Mentre il carro sfrecciava tra i boschi uno sparo tonante frenò la corsa, Forgotto avvertì unicamente lo spruzzo di sangue che gli imbrattò irruentemente la faccia.
Il carro si rovesciò e Forgotto istintivamente strisciò verso le foglie immerse nella tenebra, verso un’ignota salvezza, mentre il suo sguardo allucinato e l’epilettico respiro erano illuminati dal pallore della luna.
Ebbe comunque modo di vedere l’uomo con l’uncino strisciare ferito; A pochi passi da lui, alto e fiero, incombeva un giovane pallido, imperturbabile puntava un’enorme fucile contro la faccia dell’uomo ferito, la canna fumava sinistramente nella notte.
L’assalitore era Prestizzi, che Forgotto certo non conosceva.
L’alta e snella figura, la barbetta nera, lo sguardo folle di questi certo non contribuivano a fornirgliene una rassicurante impressione.
“Se tu fossi stato un contadino o un taglialegna adesso non staresti strisciando qui per terra a sputare sangue, certo non saresti vivo, dico bene empia creatura? Talvolta mi sbaglio e prendo il tipo sbagliato che cade subito secco al primo colpo di questo gioiello, non che mi interessi poi molto, come si dice? Il fine giustifica i mezzi!”
L’uomo si contorceva, ma ebbe comunque uno scatto ferale e artigliò Prestizzi al petto mediante l’uncino, vi fu un nuovo sparo, questa volta andato a vuoto, in quell’istante un terzo uomo giunse dalla foresta armato di scure, con un colpo netto mutilò il braccio del caparbio uomo uncinato; era l’enorme slavo, coperto da indicibili cicatrici su corpo e volto, era un tipo che pareva aver visto il diavolo in persona e milioni di altre atrocità simili.
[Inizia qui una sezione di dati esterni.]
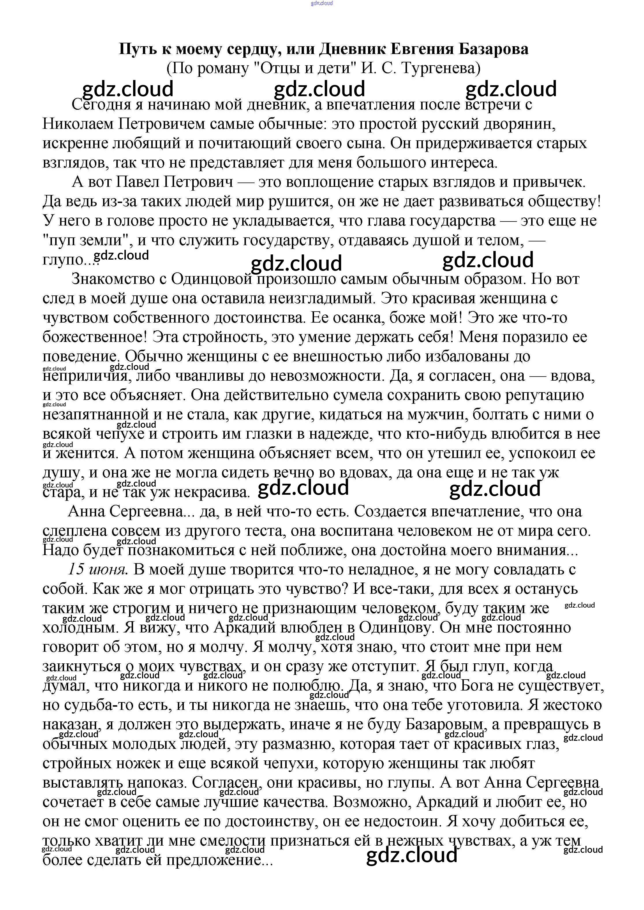 Ответ на задание Путь к моему сердцу, или Дневник Евгения Базарова (По роману "Отцы и дети" И. С. Тургенева) Сочинения Литература за 5, 6, 7, 8, 9, 10 (пятый, шестой, седьмой, восьмой, девятый, десятый) класс Белик, Музычук 2017

“Non ucciderlo Petrov, dobbiamo studiare ciò che accade in queste lande, e pensare che noi dopo Parma volevamo andare in Transilvania, qui invece mi sto proprio divertendo!”
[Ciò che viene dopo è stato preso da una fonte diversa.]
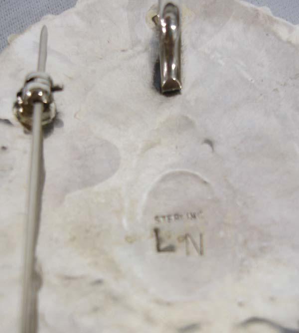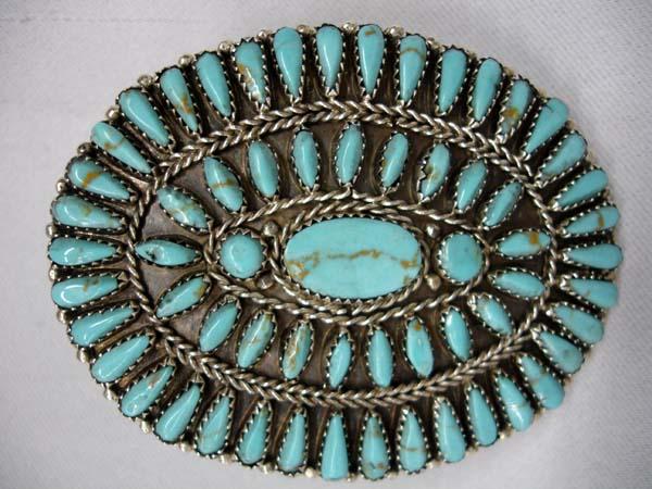 Zuni Large Silver Cluster Turquoise Pin/Pendant Hallmarked on Back, ''LN'' and ''Sterling.'' Measures 3''x2-1/8''. The center stone is 5/8''x3/8''. Buyers Pay Actual Shipping and Handling Charges(see terms and conditions for more information).

Prestizzi afferrò la vittima che ancora si dibatteva nonostante il braccio monco, la spinse violentemente contro un albero, estrasse un enorme coltellaccio e con sadica maestria tagliò il naso da quella faccia arcigna.
“Sei Pasquale Tarcasto non è così? Come hai fatto a uscire dalla tomba?”
Si voltò verso il silente Petrov:
“Lo portiamo a casa, è vero che è affascinante torturare un risorgente di ignota razza qui nel bosco, ma chi ci capirebbe? Volevamo solo fare una suggestiva escursione notturna e invece chi ti troviamo? Questo mattacchione che va a spasso per i boschi!”
Dicendo ciò sorrise in maniera perversa e infantile in egual modo.
Tarcasto ebbe modo di rispondergli in preda al dolore mentre Prestizzi si accingeva a recidergli anche l’orecchio:
“Passeggi sempre col fucile malvivente? Fai pure, taglia quanto vuoi, tanto non puoi uccidermi!”
“Passeggi sempre col fucile malvivente? Fai pure, taglia quanto vuoi, tanto non puoi uccidermi!”
“Ho avuto spesso a che fare con questo genere di problemi! Tu non preoccuparti di questo!” Disse il gentiluomo infilzandolo ancora con in volto un malinconico sorriso di rimembranza.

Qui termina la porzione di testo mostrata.